Jumanji: Welcome to the Jungle (PG)
Starring: Dwayne Johnson, Jack Black, Kevin Hart, Bobby Cannavale, Karern Gillan, Nick Jonas
Directed by: Jake Kasden
Four stereotyped teens (jock, brain, wimp and babe) are magically transformed into the game avatars they selected to play an “ancient” video game. The wimp becomes a muscular, self-effacing “expert” with a “smoldering look.” The brain develops sex appeal and long shapely legs, the football star becomes a wise-cracking, short-statured fellow named Mouse, and when the babe selected “a curvy genius cartographer” she did not envision Jack Black’s body. It takes awhile for these teens to learn to utilize their avatar’s skill sets, but fortunately, the game gives them two extra lives. The McGuffin everyone is searching for, is the gigantic emerald eye missing from a jaguar statue. If you are looking for a fun afternoon, this movie is a perfect fit.
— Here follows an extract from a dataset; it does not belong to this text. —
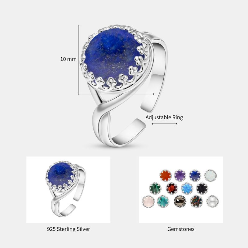 טבעת כסף אמיתי 925 פתוחה אבן אופל כחול לחריטה

It even manages to build in a couple of moral lessons along the way.
3 pieces of they got me when they hired Dwayne Johnson toast

Star Wars: The Last Jedi (PG-13)
Starring: Mark Hamill, Carrie Fisher, Adam Driver, Daisy Ridley, Warwick Davis, Laura Dern, Andy Serkis, Oscar Isaac, Lupita Nyong’o, Benicio Del Toro, Domnhal Gleason, John Boyega, Gwendoline Christie
Directed by: Rian Johnson
Revisiting the same North Sea island from where Rey met Luke Skywalker at the end of The Force Awakens, The Last Jedi rumbles along in a carefully contrived manner sure to pluck the emotions of all Star Wars fans. Much has been written about how the scenes featuring Carrie Fisher were filmed before her untimely death, and General Leia Organa gives a great “last act” as she shares soulful profundities with a lavender-haired Vice Admiral. Except… since the whole enterprise smacks of set-ups for the next series of sequels, there’s a nagging feeling that this may NOT be Leia’a final scene. Or Mark Hamill’s either. Haunted by the destructive genes of his biological father, Darth Vadar, and the positive-reinforcement exercises from his Force-mentors, Obi-wan Kenobi and Yoda, the latest version of Luke Skywalker is wrestling with regret, aging, and inner demons. Meanwhile, the younger generation’s Knights of Ren leader Kylo Ren has parallel conflicts, only his focus on two women—his mother, Leia, and a wannabe-a-Jedi orphan named Rey. Using the playbook that helped make the original Star Wars Trilogy so great, the filmmakers have once again utilized the Jungian archetypes that Joseph Campbell elaborated so well in his classic study of mythologies, The Hero With a Thousand Faces.
3 pieces of could have been GREAT, but the marketing-driven, tangential story-lines slow things down toast

Wonder (PG)
Starring: Julia Roberts, Jacon Tremblay, Owen Wilson, Izabela Vidovic, Mandy Patinkin, Sonia Braga
Directed by: Stephen Chbosky
It is unfortunate that the JPMorgan/Chase TV ads featuring a little girl in the space helmet are airing at the same time the movie Wonder arrives in theaters. That’s because the girl wears the helmet to prove she can do anything, while the Wonder boy, Augie, wears the helmut to hide a face that, despite 27 surgeries, looks like a space alien. Home schooled, Augie’s foray to the outside world is a local fifth grade classroom where he earns straight A’s, makes a friend, provokes a bully, and provides numerous teachable moments for everyone onscreen and off.